__Action item__. Every entry below must be retyped exactly, and the pictures must be left out.

[Dataset entries]

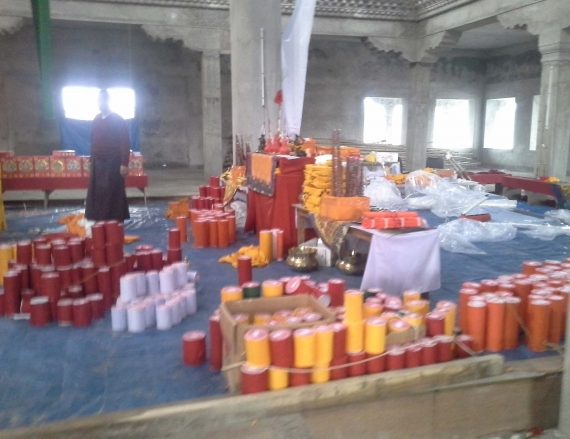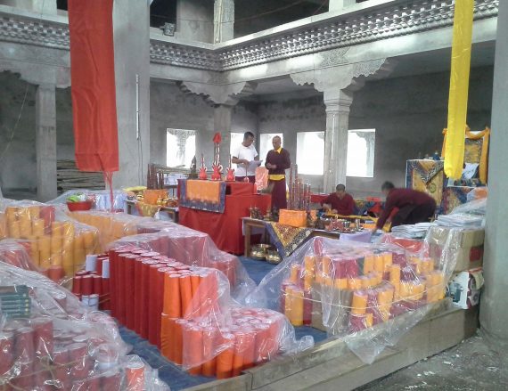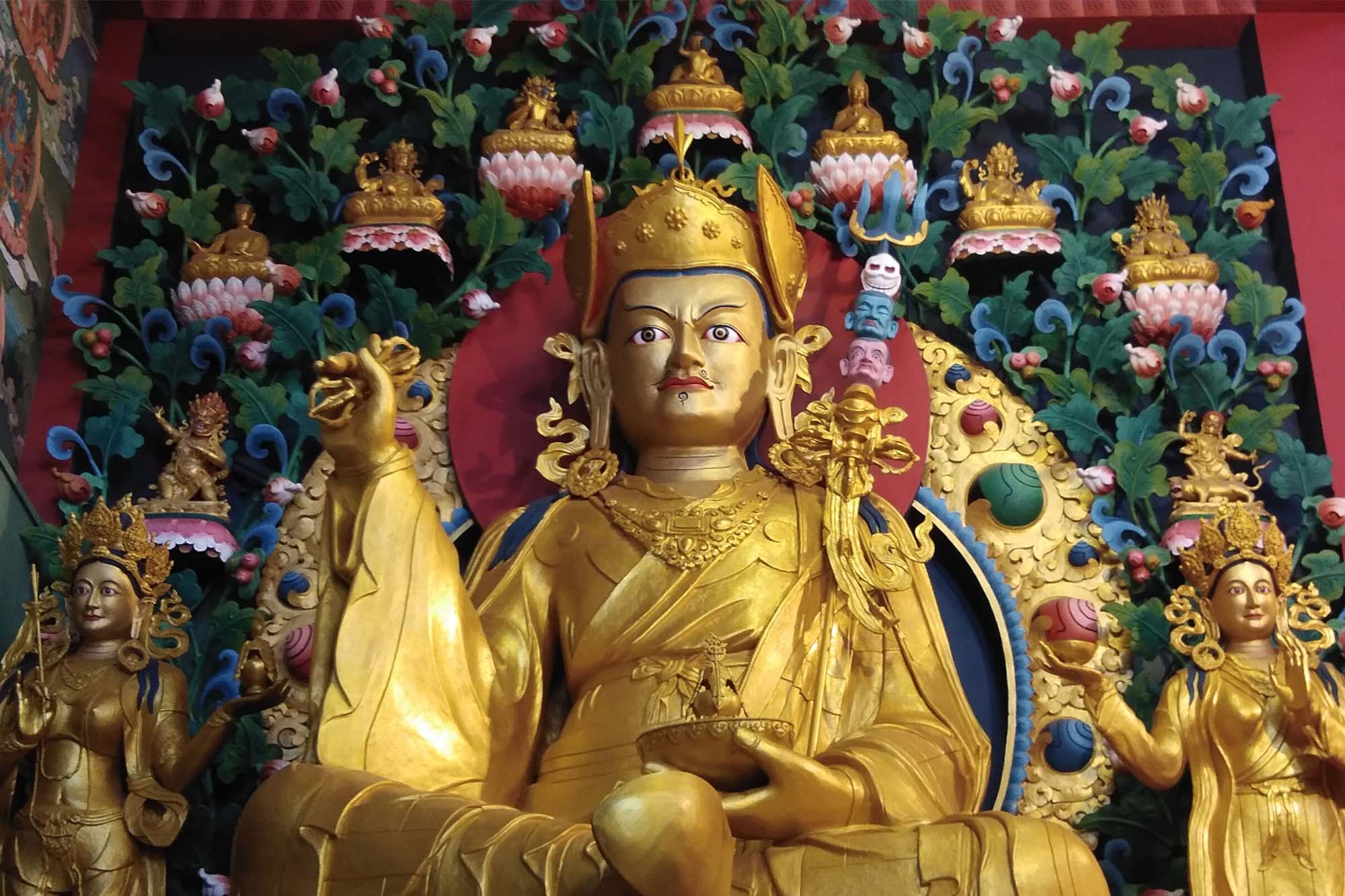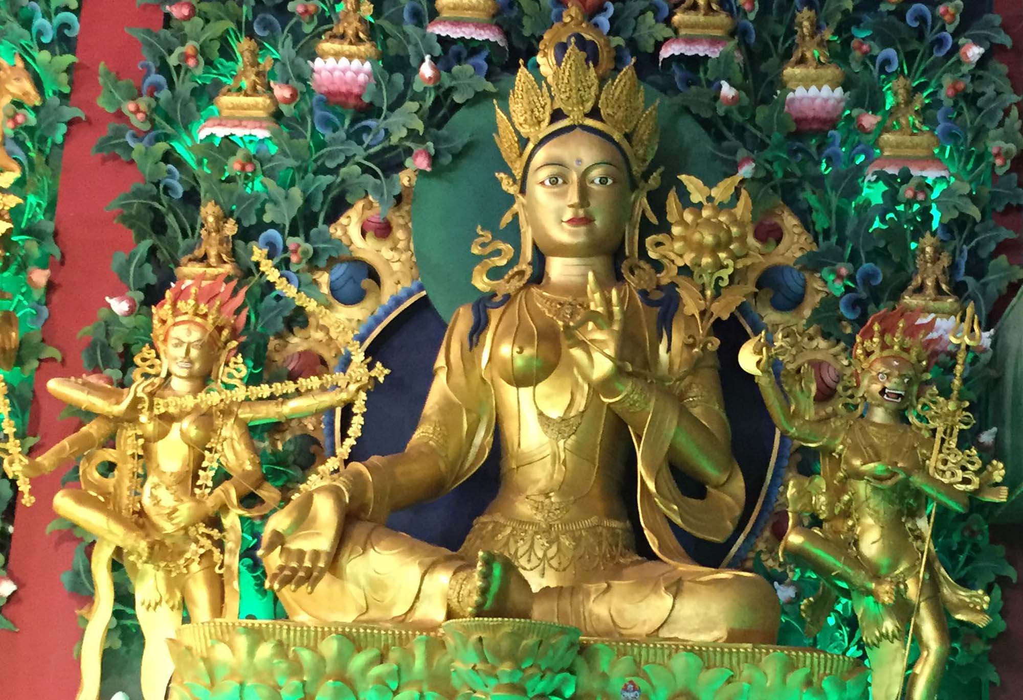On the left side is the palace of Jambhala, named Gödöd Künjung Ling (“Place of the Source of All that is Needed and Wanted”). The main statue of this chamber is the three-foot-high statue of Pema Gyelpo, the wealth deity aspect of Orygen.
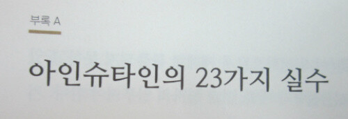 이 책의 부록에는 아인슈타인의 이론 중에서 23가지 실수를 발췌해 놓았다. 그 실수들이 있었기에 아인슈타인이 그 누구 보다 훌륭한 과학자로서 빛나는 것이고, 이 실수들을 바탕으로 더 획기적인 것들이 만들어질 수 있기도 했다.
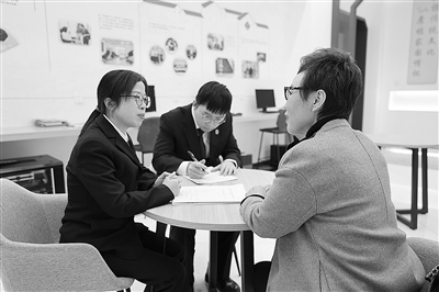 圖為案件承辦人向該案委托代理人深入了解案件情況,共同尋找實質(zhì)解紛之法。
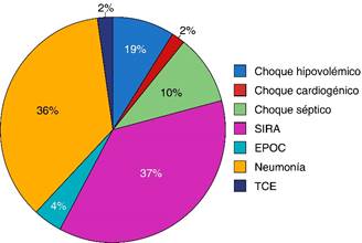 De 2005 a 2007 se realizó un estudio en área de cuidados intensivos de países de Europa; involucró a 150 pacientes que requirieron ventilación mecánica invasiva por diferentes causas (neumonía, sepsis, pancreatitis, enfermedad cardiaca, neurológica, etcétera), las cuales son similares a las detectadas en nuestra investigación, siendo síndrome postparada (22%) y evento vascular cerebral (22%) las más comunes, seguidas de choque hipovolémico (11.6%), choque séptico (11.6%), TCE (11.6%), neumonía (7.9%), EPOC (6.3%), choque cardiogénico (6.3%), edema agudo pulmonar (5.8%), IAM (5.2%), CAD/EHH (3.7%), otros (2.6%) y menos frecuente TEP (1.5%).
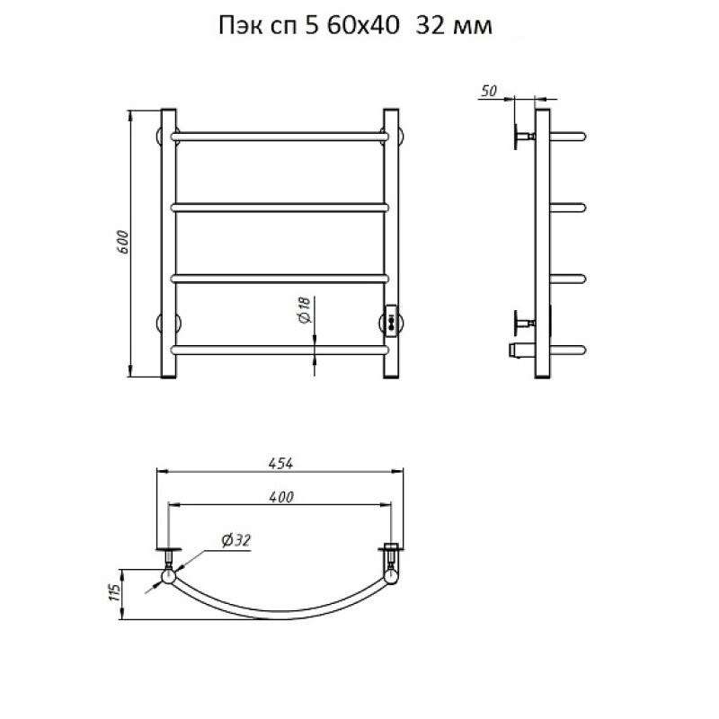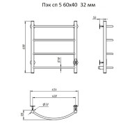 Полотенцесушитель Пэк сп 5 60х40 32 мм. Полотенцесушитель электрический кабельный (ПЭК) изготавливается из нержавеющей стали AISI 201 с последующей полировкой. Коллекция: ПЭК сп 5. Тип: электрический. Внутри корпуса электрического полотенцесушителя проложен гибкий греющий кабель, который нагревает поверхность. Для удобства ПЭК оснащен универсальным подключением. Полотенцесушитель можно подключить к сети питания, как справа, так и слева при помощи шнура с вилкой длиной 70 см и скрытым способом напрямую к проводке, заложенной в инженерную систему дома без использования штатного кабеля. Скрытый монтаж к электропитанию осуществляется через распаячные коробки, установленные справа и слева на коллекторе полотенцесушителя. Панель управления электрическим полотенцесушителей с греющим кабелем позволяет выставлять температурный режим и ограничивать время работы при помощи таймера. ПЭК рассчитан на эксплуатацию с номинальным напряжением 220 В. Форма: лесенка. Мощность (Вт): не более 100Вт. Количество перекладин: 4. Подключение: скрытое электрическое соединение/электропровод с вилкой.
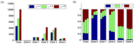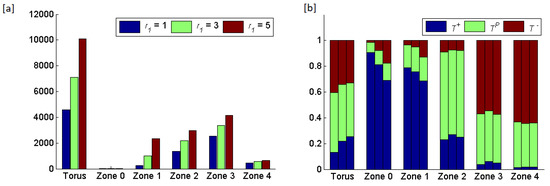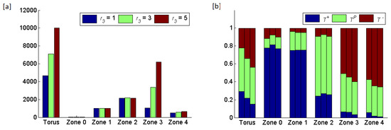 Results of increasing the radius of zone from 1 to 5, while keeping the radii of the other zones ( and ) at 3. (a) The total number of cells in the torus and in each zone. The average rates at which cells land in zone 0 and become circulating tumor cells are , , and cells per generation, respectively, for equal 1, 3 and (b) The frequencies of the three cell types per zone shown as triplets of stacked bars where the order of bars per triplet shows from left to the right.
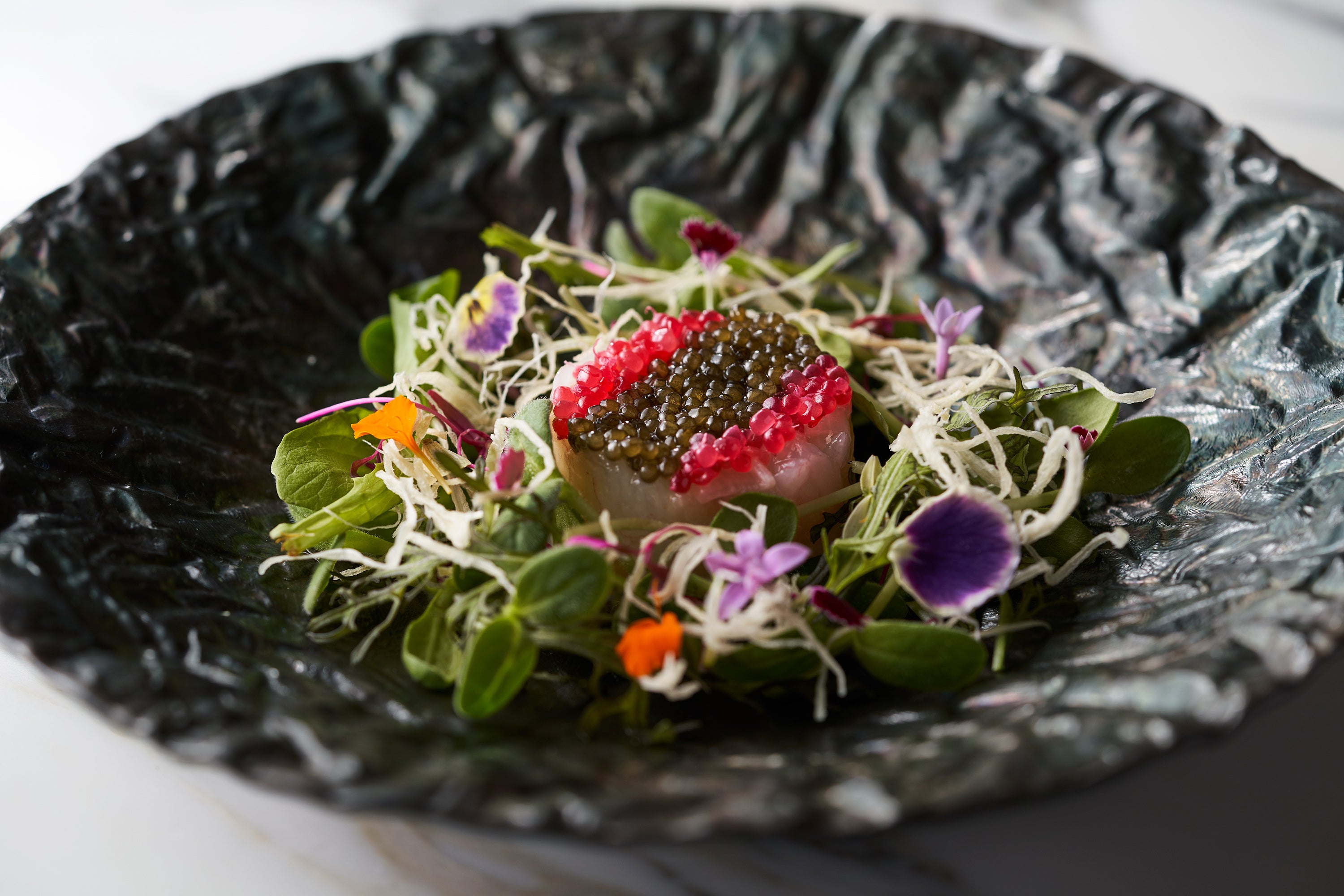 どちらも独特の強い甘みととろけるような口あたりをもつ下仁田葱と白海老に、フィンガーライムの爽やかな酸味と、キャビアの塩味を合わせて、上品な味わいに仕上げました。
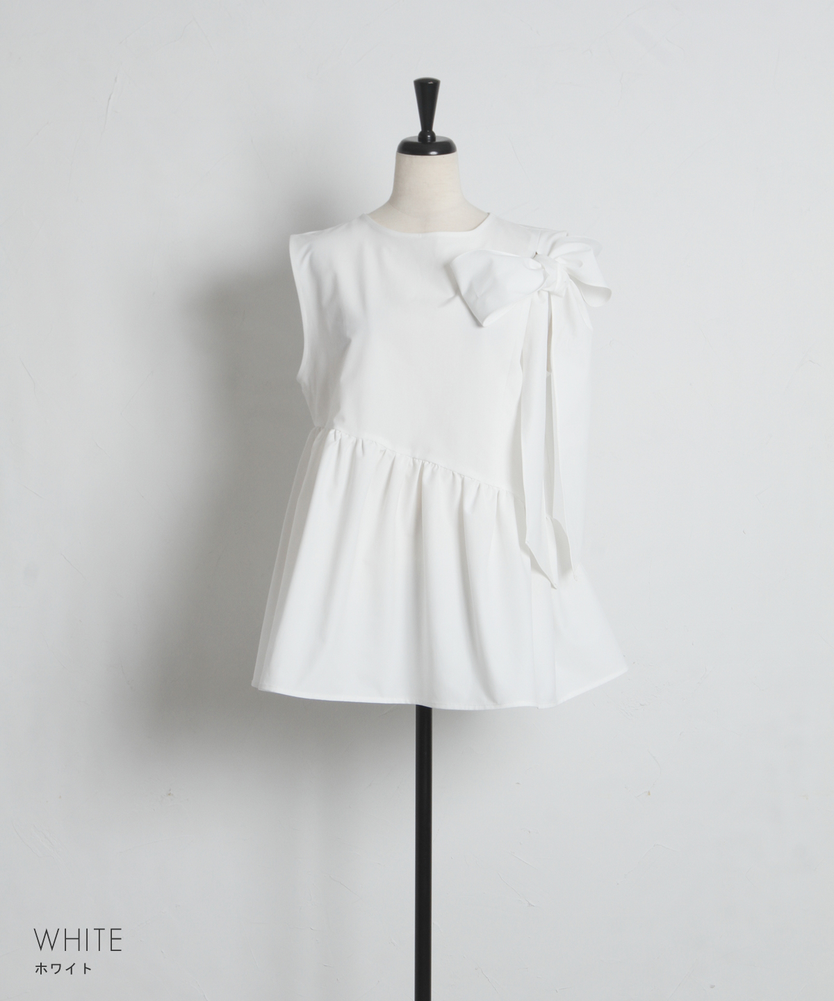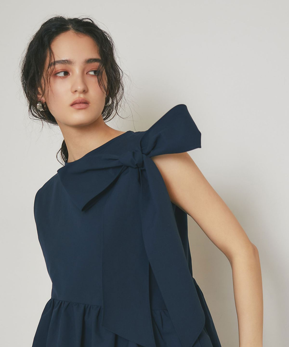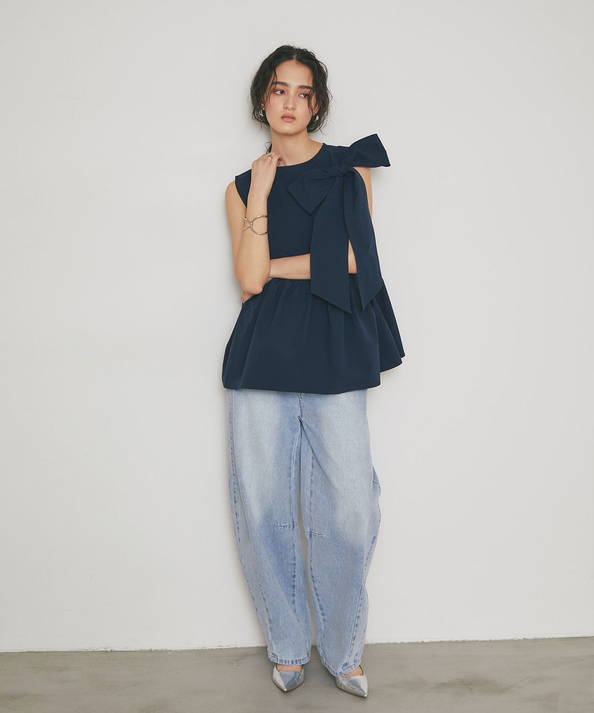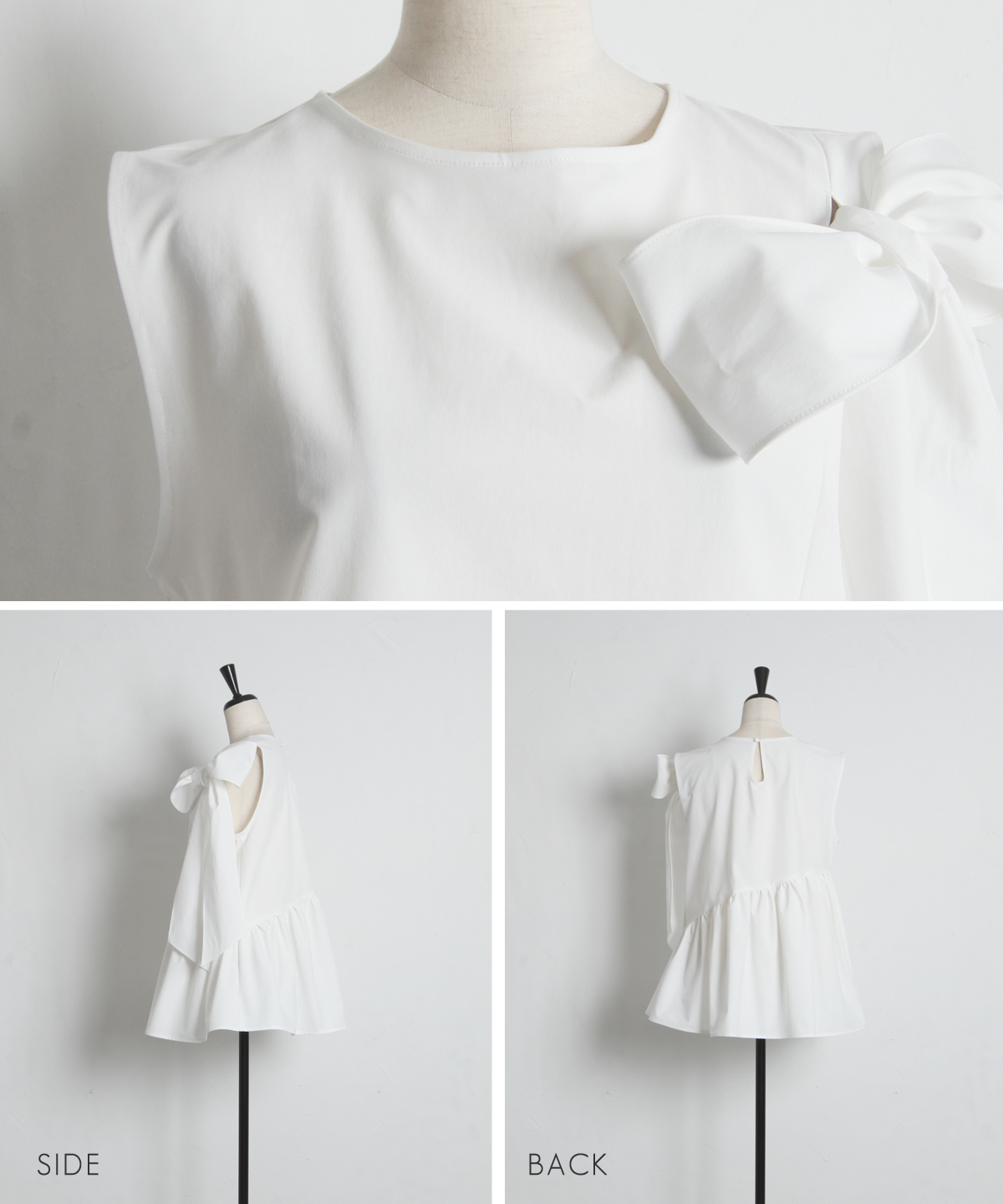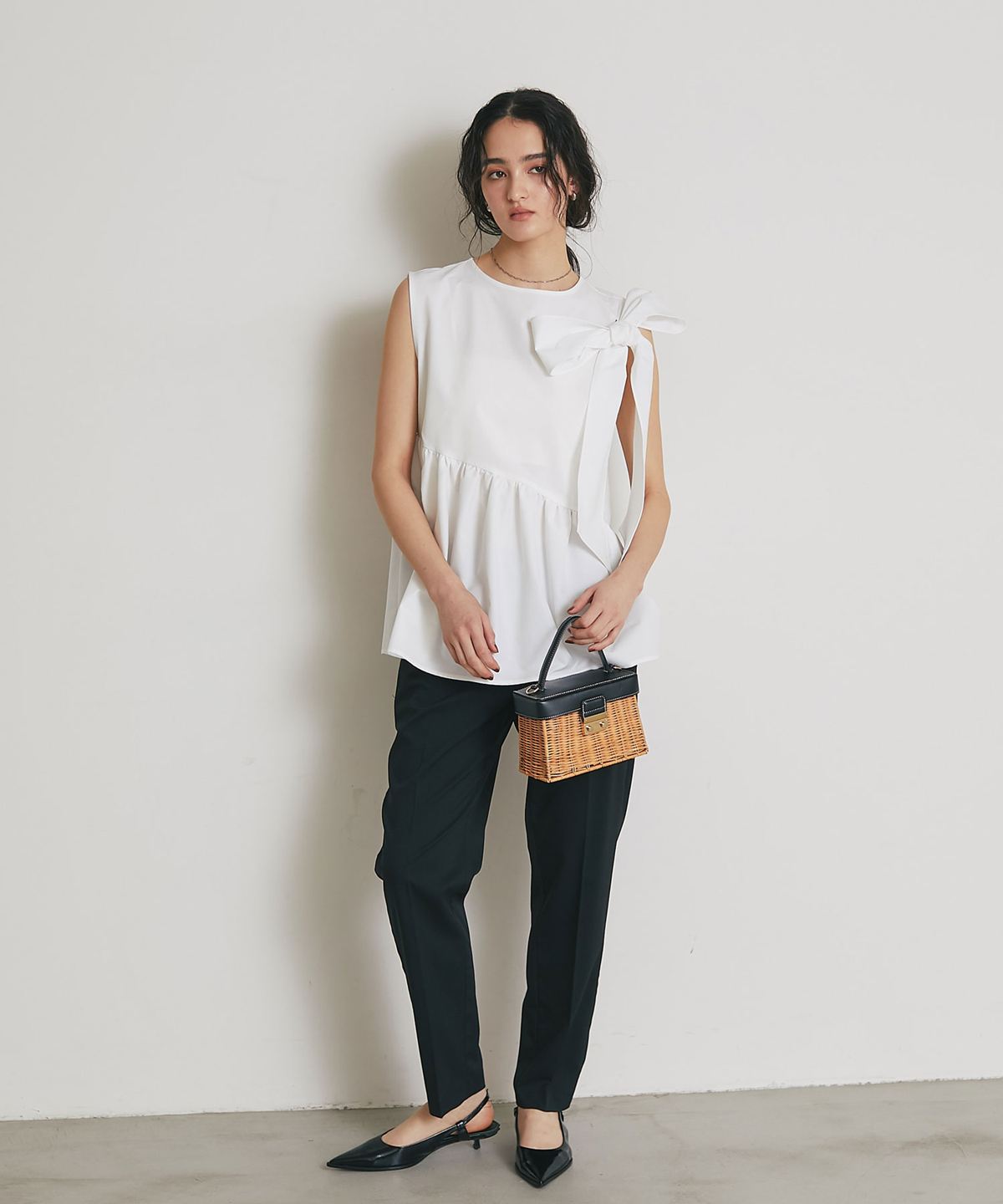 | 商品説明 | : | 視線を奪う大胆なリボン。一枚でモードな華やぎを纏う、主役級ブラウス。 アシンメトリーな切り替えから広がるペプラムシルエットと、肩に配したビッグリボンがドラマチックなノースリーブブラウス。 ハリのある上品な素材感が、甘さを抑えてモードな印象に。 お腹周りをふんわりカバーする絶妙な丈感で、スタイルアップ効果も抜群。 細身のパンツと合わせたメリハリのある着こなしはもちろん、 デニムで外した大人のカジュアルダウンもおすすめです。 デイリーから華やかなお出かけまで、日常を特別にする主役級アイテムです。 |

[/Dataset entries]

__Response__.
On the left side is the palace of Jambhala, named Gödöd Künjung Ling (“Place of the Source of All that is Needed and Wanted”). The main statue of this chamber is the three-foot-high statue of Pema Gyelpo, the wealth deity aspect of Orygen.
 이 책의 부록에는 아인슈타인의 이론 중에서 23가지 실수를 발췌해 놓았다. 그 실수들이 있었기에 아인슈타인이 그 누구 보다 훌륭한 과학자로서 빛나는 것이고, 이 실수들을 바탕으로 더 획기적인 것들이 만들어질 수 있기도 했다.
 圖為案件承辦人向該案委托代理人深入了解案件情況,共同尋找實質(zhì)解紛之法。
 De 2005 a 2007 se realizó un estudio en área de cuidados intensivos de países de Europa; involucró a 150 pacientes que requirieron ventilación mecánica invasiva por diferentes causas (neumonía, sepsis, pancreatitis, enfermedad cardiaca, neurológica, etcétera), las cuales son similares a las detectadas en nuestra investigación, siendo síndrome postparada (22%) y evento vascular cerebral (22%) las más comunes, seguidas de choque hipovolémico (11.6%), choque séptico (11.6%), TCE (11.6%), neumonía (7.9%), EPOC (6.3%), choque cardiogénico (6.3%), edema agudo pulmonar (5.8%), IAM (5.2%), CAD/EHH (3.7%), otros (2.6%) y menos frecuente TEP (1.5%).
 Полотенцесушитель Пэк сп 5 60х40 32 мм. Полотенцесушитель электрический кабельный (ПЭК) изготавливается из нержавеющей стали AISI 201 с последующей полировкой. Коллекция: ПЭК сп 5. Тип: электрический. Внутри корпуса электрического полотенцесушителя проложен гибкий греющий кабель, который нагревает поверхность. Для удобства ПЭК оснащен универсальным подключением. Полотенцесушитель можно подключить к сети питания, как справа, так и слева при помощи шнура с вилкой длиной 70 см и скрытым способом напрямую к проводке, заложенной в инженерную систему дома без использования штатного кабеля. Скрытый монтаж к электропитанию осуществляется через распаячные коробки, установленные справа и слева на коллекторе полотенцесушителя. Панель управления электрическим полотенцесушителей с греющим кабелем позволяет выставлять температурный режим и ограничивать время работы при помощи таймера. ПЭК рассчитан на эксплуатацию с номинальным напряжением 220 В. Форма: лесенка. Мощность (Вт): не более 100Вт. Количество перекладин: 4. Подключение: скрытое электрическое соединение/электропровод с вилкой.
 Results of increasing the radius of zone from 1 to 5, while keeping the radii of the other zones ( and ) at 3. (a) The total number of cells in the torus and in each zone. The average rates at which cells land in zone 0 and become circulating tumor cells are , , and cells per generation, respectively, for equal 1, 3 and (b) The frequencies of the three cell types per zone shown as triplets of stacked bars where the order of bars per triplet shows from left to the right.
 どちらも独特の強い甘みととろけるような口あたりをもつ下仁田葱と白海老に、フィンガーライムの爽やかな酸味と、キャビアの塩味を合わせて、上品な味わいに仕上げました。
 | 商品説明 | : | 視線を奪う大胆なリボン。一枚でモードな華やぎを纏う、主役級ブラウス。 アシンメトリーな切り替えから広がるペプラムシルエットと、肩に配したビッグリボンがドラマチックなノースリーブブラウス。 ハリのある上品な素材感が、甘さを抑えてモードな印象に。 お腹周りをふんわりカバーする絶妙な丈感で、スタイルアップ効果も抜群。 細身のパンツと合わせたメリハリのある着こなしはもちろん、 デニムで外した大人のカジュアルダウンもおすすめです。 デイリーから華やかなお出かけまで、日常を特別にする主役級アイテムです。 |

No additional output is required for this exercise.